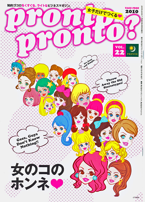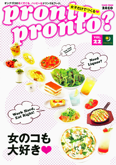 女子だけでつくる[pronto pront ?] vol.22 2010銀座から築地のオフィスまで歩いていると途中に、コーヒーチェーンの「プロント」がある。何気なく通り過ぎようとすると、気になるフリペ発見。なんとも、80年代っぽいポップな絵柄の表紙に釘付けになった。
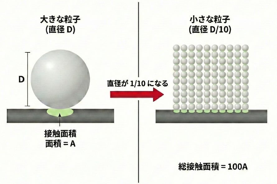 粒子を微細化することで、同じ成分量であっても肌に触れる総面積を大幅に増加させることが可能となります。一般的に、粒子の直径を10分の1に微細化すると、総接触面積は理論上約100倍にまで増加すると言われており、この原理をスキンケアに応用しました。
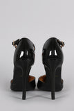 This ladylike pump features a pointy toe front, enclosed back with stiletto heel, and narrow t-strap construction with elastic gusset and adjustable buckle closure. Finished with a lightly padded insole.
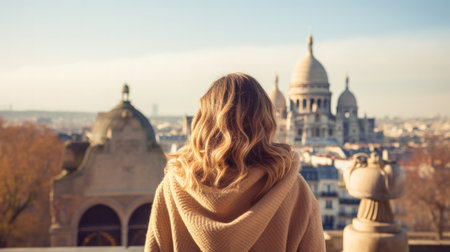 A beautiful young woman enjoying the view of Paris with the iconic Sacré-Cœur Basilica
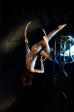 Female acrobat while presenting the show in the air on the hoop.
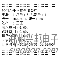 ② 計(jì)算模式:輸入扣費(fèi)金額,按[確認(rèn)]鍵后,將卡片放于刷卡區(qū),即可進(jìn)行扣費(fèi),若連接的有打印機(jī),可直接打印消費(fèi)明細(xì),打印出的信息如下圖所示:
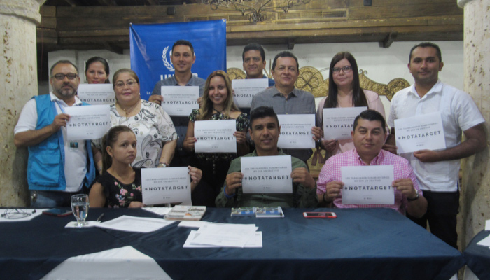 (La Asociación de Personeros del Catatumbo por fin pudo efectuar su asamblea, aplazada por el conflicto, y acompañada por Acnur y Ocha. En la imagen, exhiben un mensaje: No soy un objetivo.)
▬▬▬
■ **Problem requirements**
Exactly as given, set down each line of the material, but include no pictures.

■ **Solved problem**
 女子だけでつくる[pronto pront ?] vol.22 2010銀座から築地のオフィスまで歩いていると途中に、コーヒーチェーンの「プロント」がある。何気なく通り過ぎようとすると、気になるフリペ発見。なんとも、80年代っぽいポップな絵柄の表紙に釘付けになった。
 粒子を微細化することで、同じ成分量であっても肌に触れる総面積を大幅に増加させることが可能となります。一般的に、粒子の直径を10分の1に微細化すると、総接触面積は理論上約100倍にまで増加すると言われており、この原理をスキンケアに応用しました。
 This ladylike pump features a pointy toe front, enclosed back with stiletto heel, and narrow t-strap construction with elastic gusset and adjustable buckle closure. Finished with a lightly padded insole.
 A beautiful young woman enjoying the view of Paris with the iconic Sacré-Cœur Basilica
 Female acrobat while presenting the show in the air on the hoop.
 ② 計(jì)算模式:輸入扣費(fèi)金額,按[確認(rèn)]鍵后,將卡片放于刷卡區(qū),即可進(jìn)行扣費(fèi),若連接的有打印機(jī),可直接打印消費(fèi)明細(xì),打印出的信息如下圖所示:
 (La Asociación de Personeros del Catatumbo por fin pudo efectuar su asamblea, aplazada por el conflicto, y acompañada por Acnur y Ocha. En la imagen, exhiben un mensaje: No soy un objetivo.)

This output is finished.